I could agree with the comments on the Olive. Know a little short country preacher you'd get to agree with you as well. From what I understand, he won't even let anyone use this one. Mom said he pulled it out of his coat pocket one day at church when someone needed a pen, realized what he was doing, pulled it back, put it away, and told them he'd go get them a pen to use. 





Of course I'm a little partial to Honduran Rosewood Burl, simply because it is soooo classy.





Although Eucalyptus Burl has it moments of saintliness too...





And, even the lowly half rotted Red Oak in the backyard has it's moments...
















I guess it'd be safest to say, whatever is turning in the lathe at the time, because I haven't even touched Camphor which is so sweet to work, and smells out of this world when turning. Or, Jamaican Dogwood which sits there so subtle until you apply finish then jumps out and slaps you with elegance. Or, Buttonwood, or some highly figured Black Walnut, or Big Leaf Maple, or Spalted Apple, or...

Reactions: EyeCandy! 3 | Great Post 1 | Way Cool 1


----------



## ripjack13

I moved this here....

I'll have to post up some of favorite wood later.


----------



## Don Ratcliff

I forgot to tell you @Toby Trachtman the mods will just move stuff around as they see fit. You think you know where you posted something, "oh look, it's over there now"

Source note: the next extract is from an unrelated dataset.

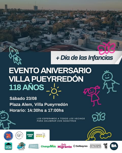 La Comuna 12 de la Ciudad de Buenos Aires informó que el sábado 23 de agosto desde las 14.30 hasta las 17 se realizará un evento en la Plaza Alem (Larsen y Artigas) para conmemorar el Día del Barrio de Villa Pueyrredón y el Día del Niño.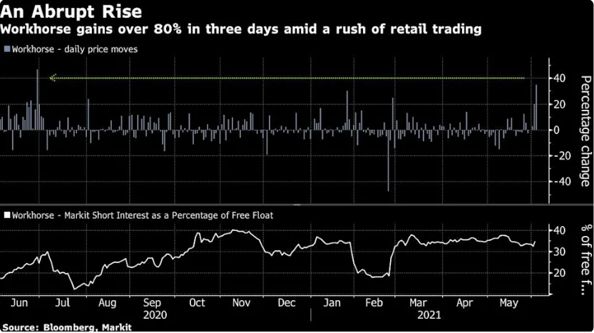 除了行情宛如过山车的AMC,经常浏览热门投资论坛Reddit的散户近日还一直在大举买入一家陷入困境的电动卡车初创公司Workhorse,在短短三个交易日内就将其股价推高逾80%。

Be very careful with the admins too, I think they can order a hit on people...

Reactions: Agree 1 | Funny 3


----------



## ripjack13




----------



## Don Ratcliff

ripjack13 said:


>


----------



## Schroedc

Don Ratcliff said:


> I forgot to tell you @Toby Trachtman the mods will just move stuff around as they see fit. You think you know where you posted something, "oh look, it's over there now"
> 
> Be very careful with the admins too, I think they can order a hit on people...




You're safe unless you've lived in Hawaii at some point...

Reactions: Agree 2


----------



## Tom Smart

I will second @rocky1 and Honduran Rosewood Burl. Think I bragged on this piece someplace here earlier. Had intentions for it, but I got it from Mr. Jaynes so it stays the way it is, on display in the living room. 

"A" Side


 

"B" Side

Reactions: Like 1 | Way Cool 4


----------



## Schroedc

Tom Smart said:


> I will second @rocky1 and Honduran Rosewood Burl. Think I bragged on this piece someplace here earlier. Had intentions for it, but I got it from Mr. Jaynes so it stays the way it is, on display in the living room.
> 
> "A" Side
> View attachment 123260
> 
> "B" Side
> View attachment 123261



I've got a slab from the same batch but I finally decided I had to do something with it. It's in the process of being turned into 3 Pot calls and some pens.


----------



## Tom Smart

Schroedc said:


> I've got a slab from the same batch but I finally decided I had to do something with it. It's in the process of being turned into 3 Pot calls and some pens.



My intent was pen blanks as well. So a few fancy pens won't get made, the world won't miss them. At 17" x 11" this piece is big enough to make a statement by itself.


----------



## Schroedc

Tom Smart said:


> My intent was pen blanks as well. So a few fancy pens won't get made, the world won't miss them. At 17" x 11" this piece is big enough to make a statement by itself.



True, and I wouldn't have sliced it up just for pens but I wanted a call for myself and figured as long as I didn't just turn it into a clock he wouldn't have minded. Here is one of them almost finished-

Reactions: Like 1 | EyeCandy! 1


----------



## Tom Smart

Schroedc said:


> True, and I wouldn't have sliced it up just for pens but I wanted a call for myself and figured as long as I didn't just turn it into a clock he wouldn't have minded. Here is one of them almost finished-
> 
> View attachment 123262



That's really stunning, Colin. I'm sure Kevin is smiling someplace.

Reactions: Agree 2


----------



## Schroedc

Tom Smart said:


> That's really stunning, Colin. I'm sure Kevin is smiling someplace.



And that's the least figured of the 3


----------



## Tom Smart

Schroedc said:


> And that's the least figured of the 3



Now he is laughing. I wonder if he got those pieces from Cliff.


----------



## gman2431

Too many to pick just one. I like working with burls but anything with interesting looking potential to it I will turn. I mostly "collect" the high end or rare stuff and turn the cheaper stuff tho. 

Since your new heres some projects made from wood sold here by some of the great people selling wood on here.

Reactions: EyeCandy! 1 | Way Cool 2


----------



## Mike Hill

Ok, I need a cane - all this purdy - real purdy wood gots my knees weak!

Reactions: Funny 1


----------